Exercise: Without copying any picture, transcribe exactly the lines of the data below from the one containing "たとえばアインクラッド攻略戦のステージ" through the one containing "本次报告的用户数据征集来自 4323 名液态奶用户和".

Data items
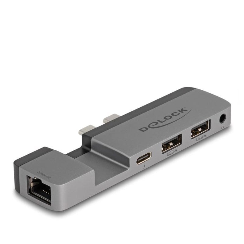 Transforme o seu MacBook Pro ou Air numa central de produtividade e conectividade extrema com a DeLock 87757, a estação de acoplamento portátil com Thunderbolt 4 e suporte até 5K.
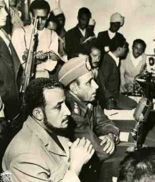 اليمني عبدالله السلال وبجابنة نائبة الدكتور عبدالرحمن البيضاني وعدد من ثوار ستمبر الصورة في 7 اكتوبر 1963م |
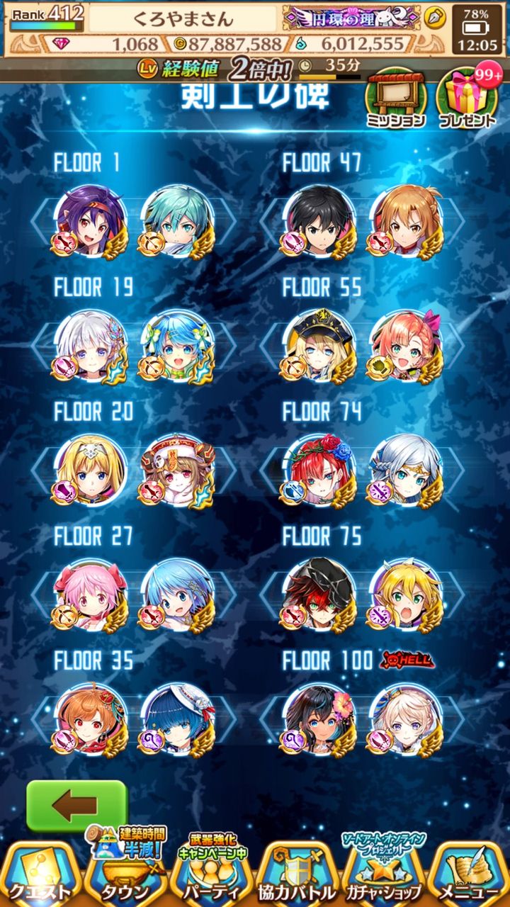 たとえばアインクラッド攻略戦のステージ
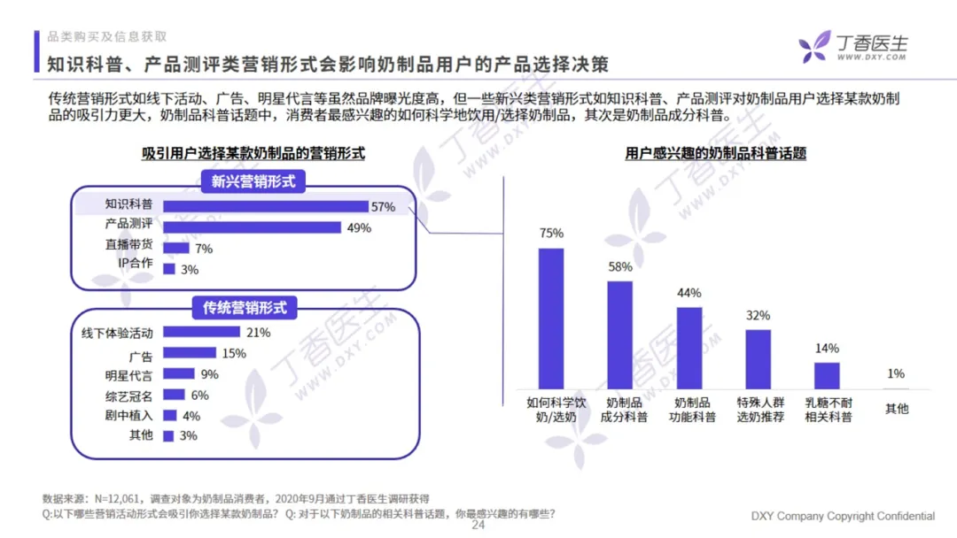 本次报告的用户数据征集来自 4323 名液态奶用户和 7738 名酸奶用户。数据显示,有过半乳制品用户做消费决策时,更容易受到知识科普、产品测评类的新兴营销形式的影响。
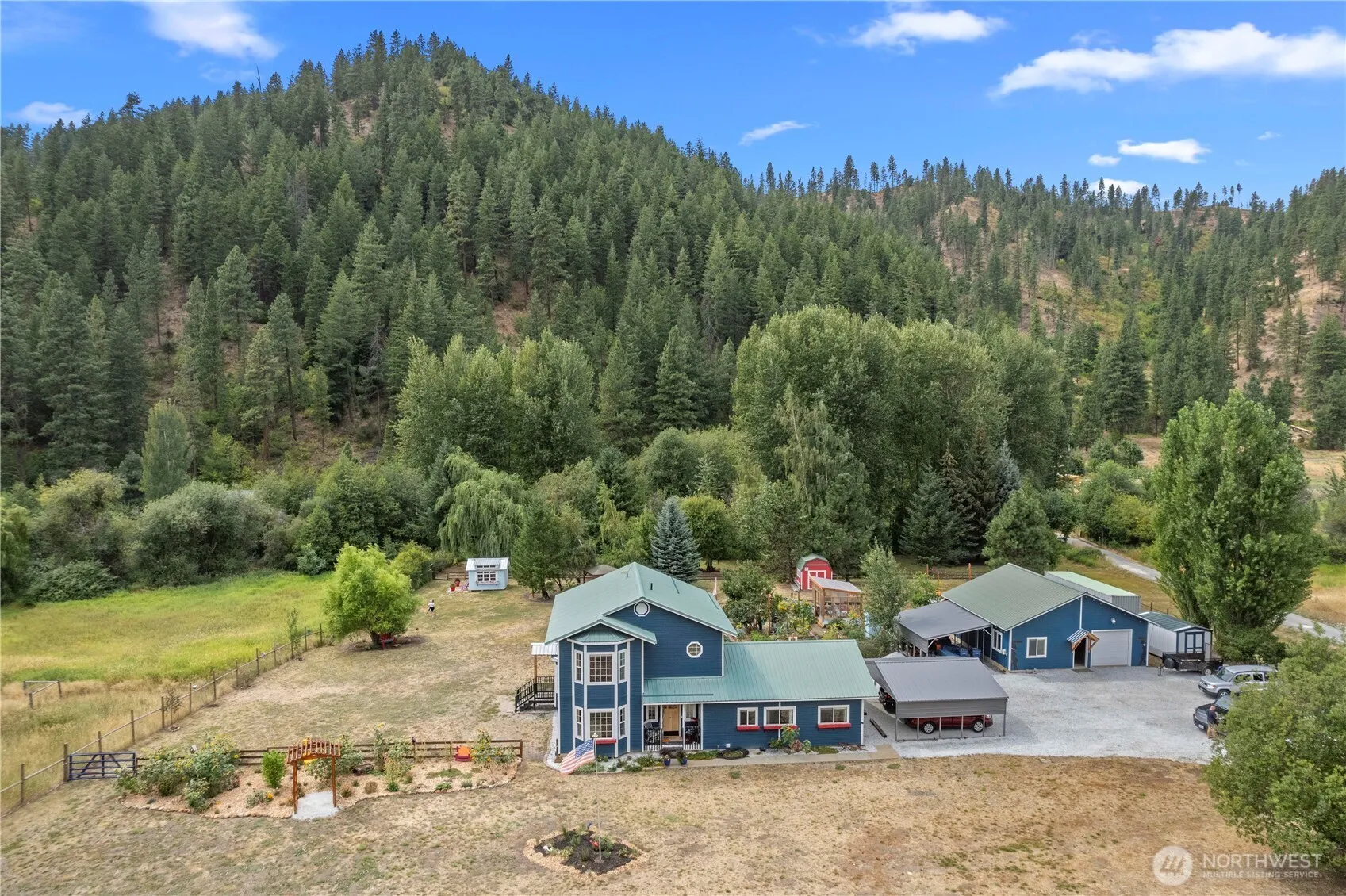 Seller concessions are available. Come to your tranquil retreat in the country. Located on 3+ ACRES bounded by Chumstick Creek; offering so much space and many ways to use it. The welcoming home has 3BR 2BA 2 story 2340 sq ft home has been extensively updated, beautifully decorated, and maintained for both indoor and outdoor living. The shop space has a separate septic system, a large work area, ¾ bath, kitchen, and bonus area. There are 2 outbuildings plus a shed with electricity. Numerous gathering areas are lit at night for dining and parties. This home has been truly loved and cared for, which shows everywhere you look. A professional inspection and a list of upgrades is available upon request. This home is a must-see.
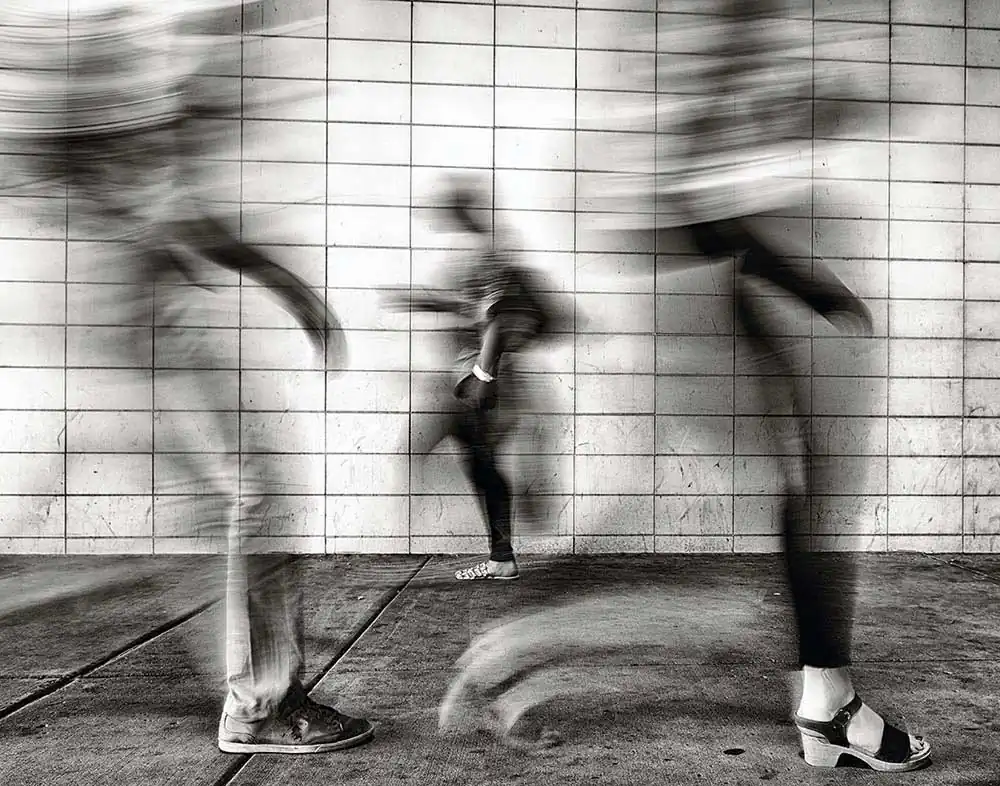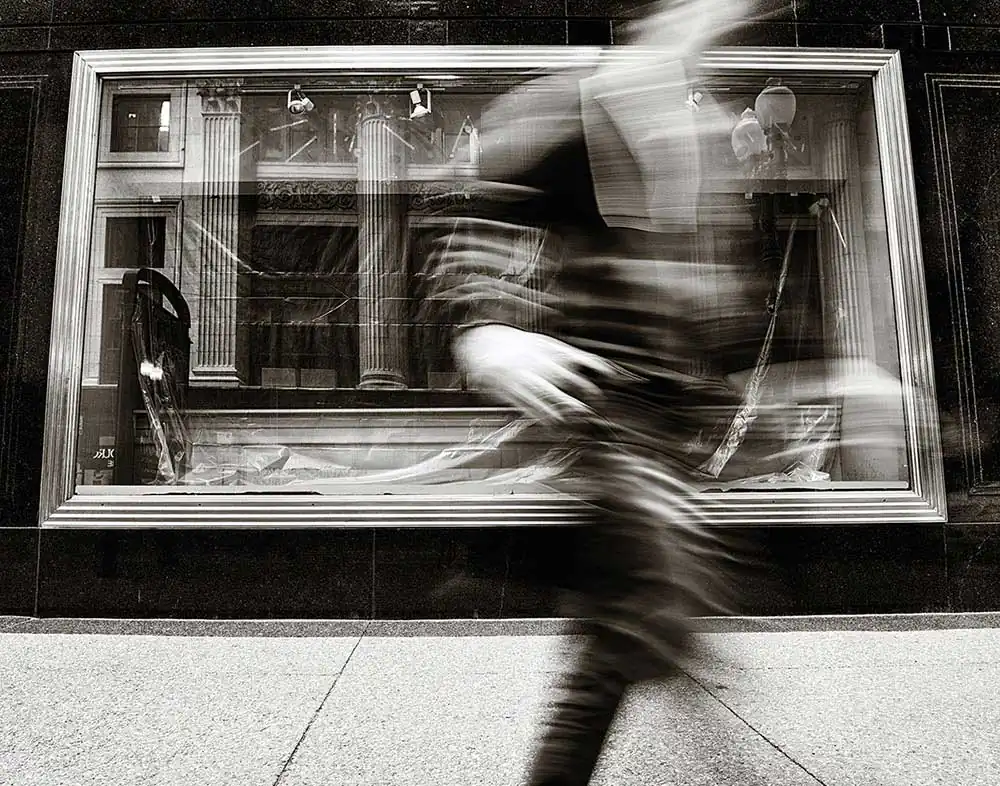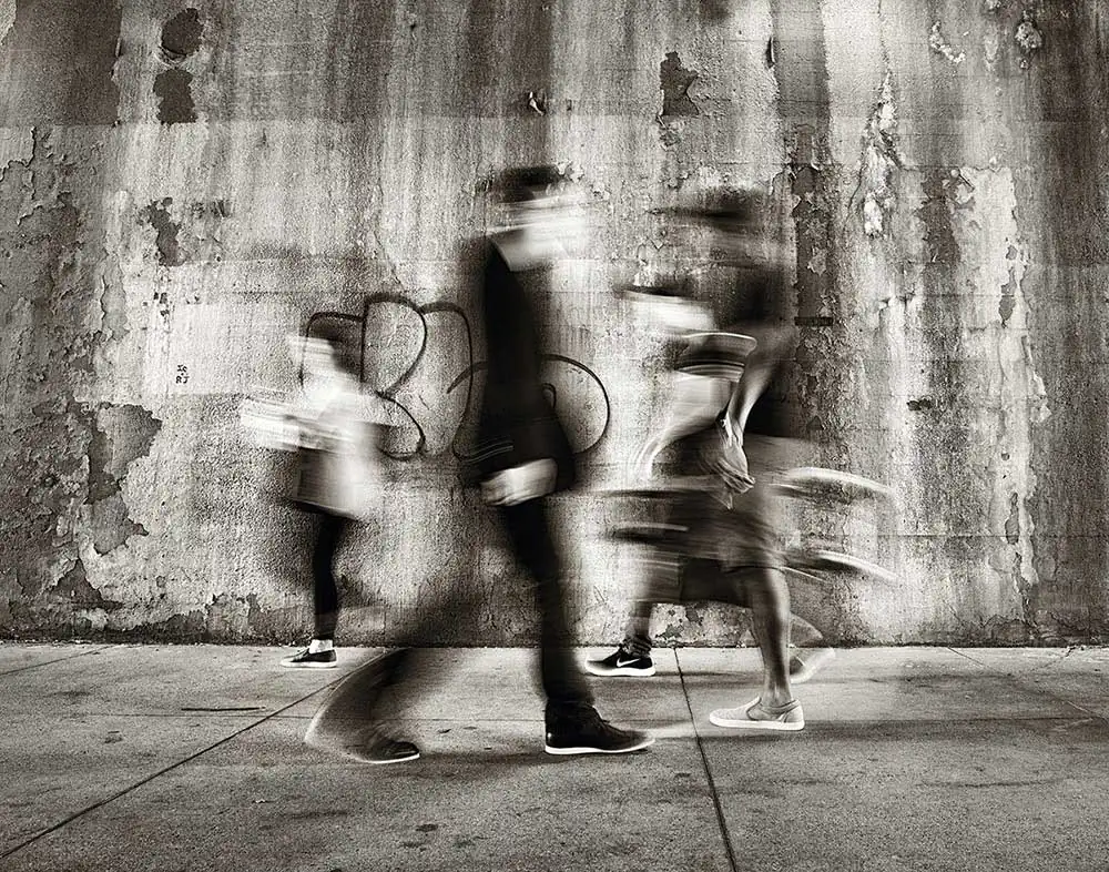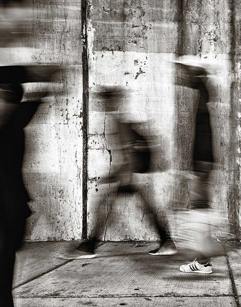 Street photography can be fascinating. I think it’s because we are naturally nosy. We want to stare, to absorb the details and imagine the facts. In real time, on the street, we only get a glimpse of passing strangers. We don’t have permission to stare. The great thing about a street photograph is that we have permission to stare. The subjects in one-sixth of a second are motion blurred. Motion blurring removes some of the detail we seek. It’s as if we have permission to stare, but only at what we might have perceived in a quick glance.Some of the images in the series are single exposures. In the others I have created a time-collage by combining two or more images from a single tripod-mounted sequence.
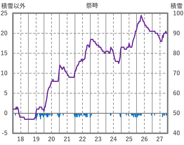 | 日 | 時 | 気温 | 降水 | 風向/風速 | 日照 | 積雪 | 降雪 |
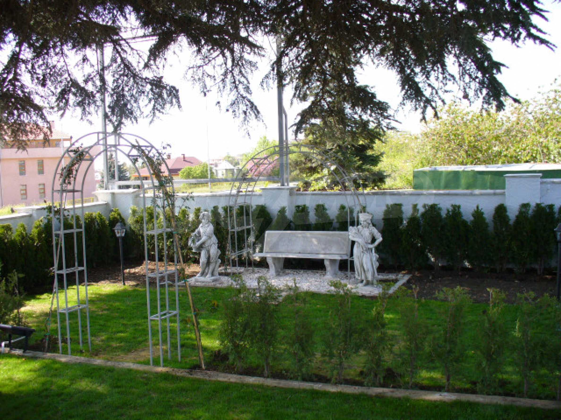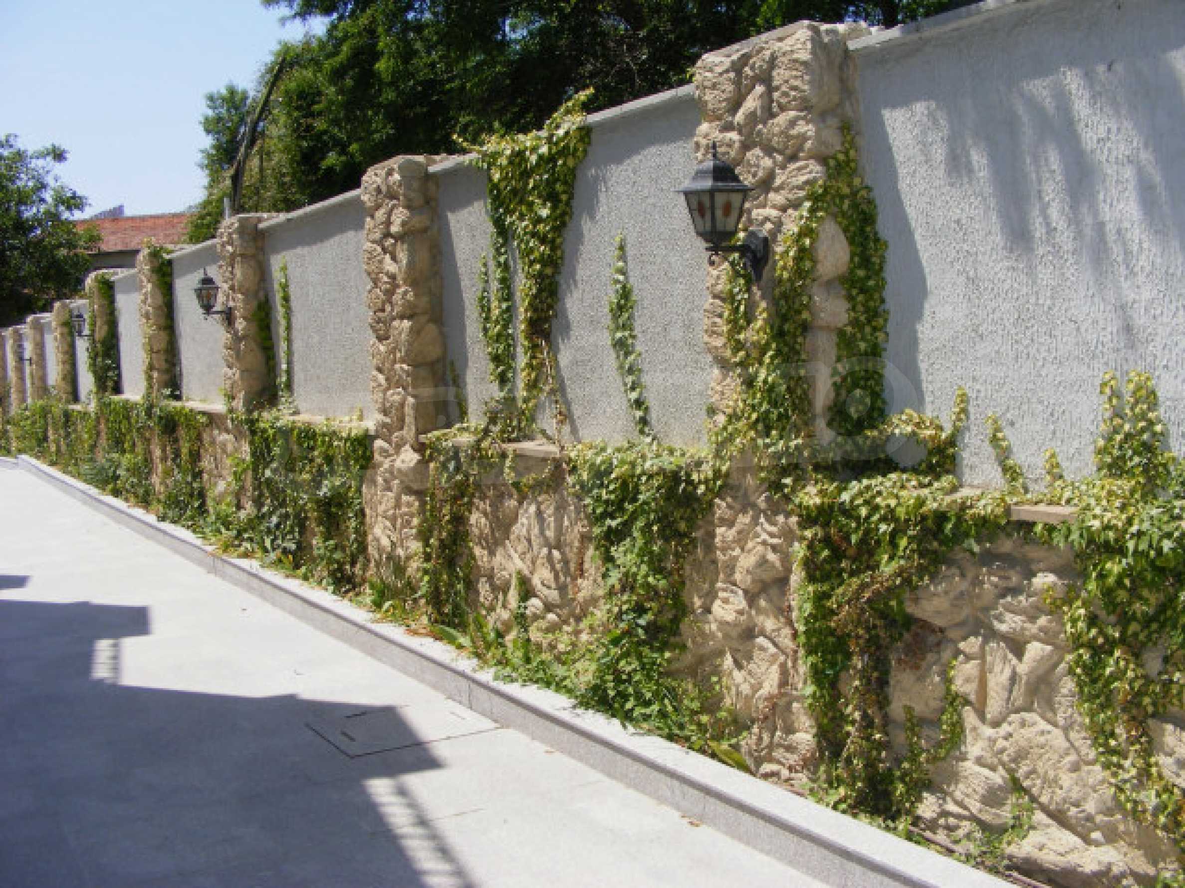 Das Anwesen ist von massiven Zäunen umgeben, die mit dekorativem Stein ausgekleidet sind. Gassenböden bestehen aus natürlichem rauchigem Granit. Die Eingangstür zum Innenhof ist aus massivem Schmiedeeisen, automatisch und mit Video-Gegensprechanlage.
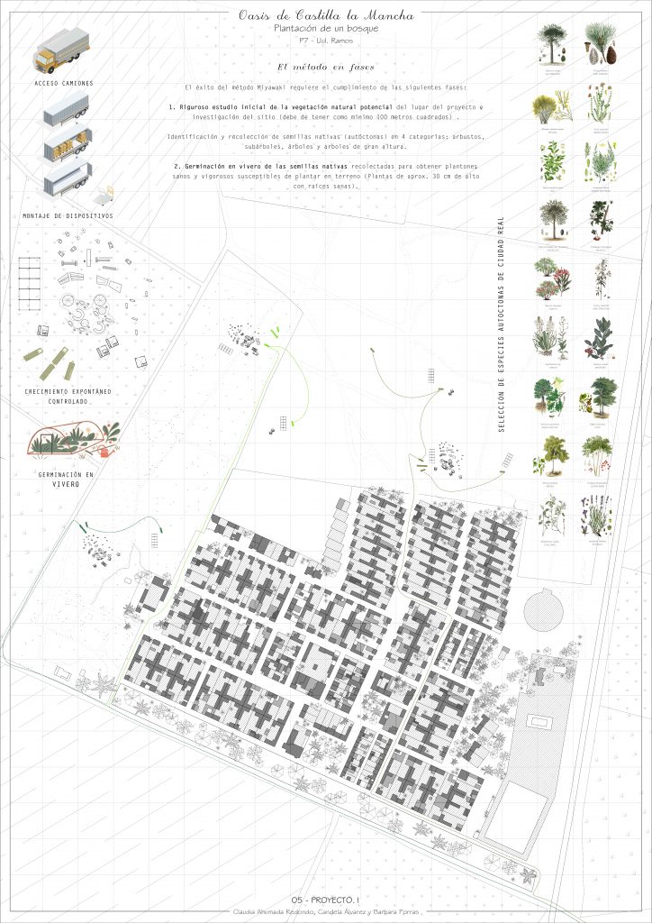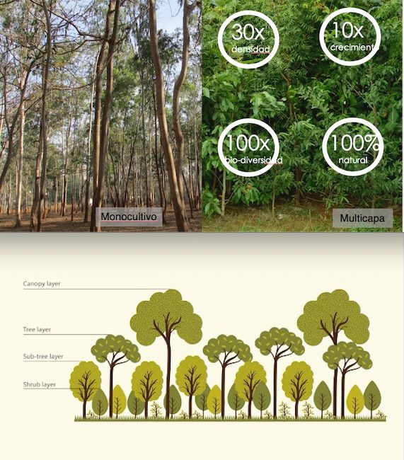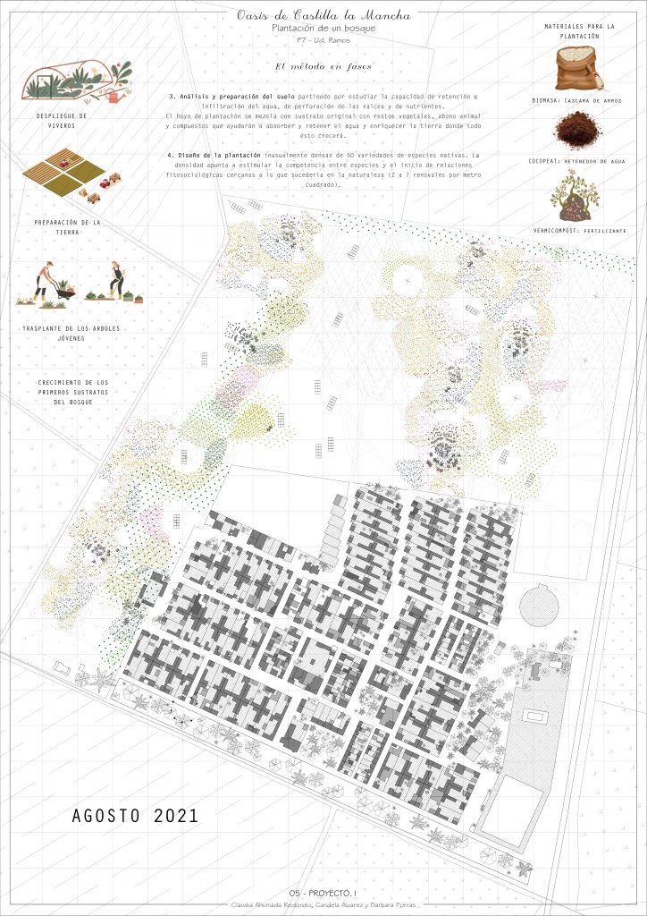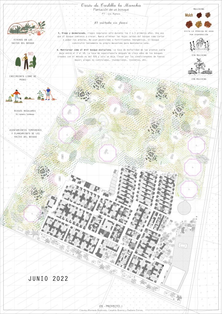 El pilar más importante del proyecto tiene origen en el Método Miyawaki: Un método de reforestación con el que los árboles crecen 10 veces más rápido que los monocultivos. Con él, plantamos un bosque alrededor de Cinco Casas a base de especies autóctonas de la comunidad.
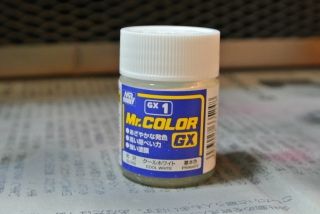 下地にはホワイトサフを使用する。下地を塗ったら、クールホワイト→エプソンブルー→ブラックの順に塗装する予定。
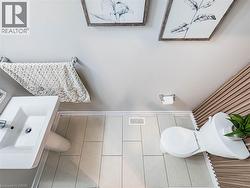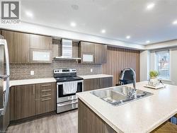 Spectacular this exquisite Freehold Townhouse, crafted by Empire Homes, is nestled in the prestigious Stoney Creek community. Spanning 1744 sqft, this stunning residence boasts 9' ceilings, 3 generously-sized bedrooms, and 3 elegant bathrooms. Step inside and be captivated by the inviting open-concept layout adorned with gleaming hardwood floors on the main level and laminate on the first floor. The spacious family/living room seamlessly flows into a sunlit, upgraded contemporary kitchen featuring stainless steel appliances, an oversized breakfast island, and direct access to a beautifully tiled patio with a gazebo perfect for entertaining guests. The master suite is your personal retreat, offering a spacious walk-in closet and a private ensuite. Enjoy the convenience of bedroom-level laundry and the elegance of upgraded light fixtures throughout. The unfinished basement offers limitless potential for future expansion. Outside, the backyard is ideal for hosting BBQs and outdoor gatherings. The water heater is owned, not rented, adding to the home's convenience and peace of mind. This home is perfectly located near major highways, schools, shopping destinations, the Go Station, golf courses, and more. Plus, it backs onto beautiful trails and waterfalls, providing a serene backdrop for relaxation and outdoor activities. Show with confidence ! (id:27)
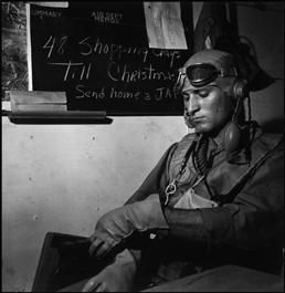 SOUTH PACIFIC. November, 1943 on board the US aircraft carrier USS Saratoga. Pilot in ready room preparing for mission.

Answer box:
 たとえばアインクラッド攻略戦のステージ
 本次报告的用户数据征集来自 4323 名液态奶用户和 7738 名酸奶用户。数据显示,有过半乳制品用户做消费决策时,更容易受到知识科普、产品测评类的新兴营销形式的影响。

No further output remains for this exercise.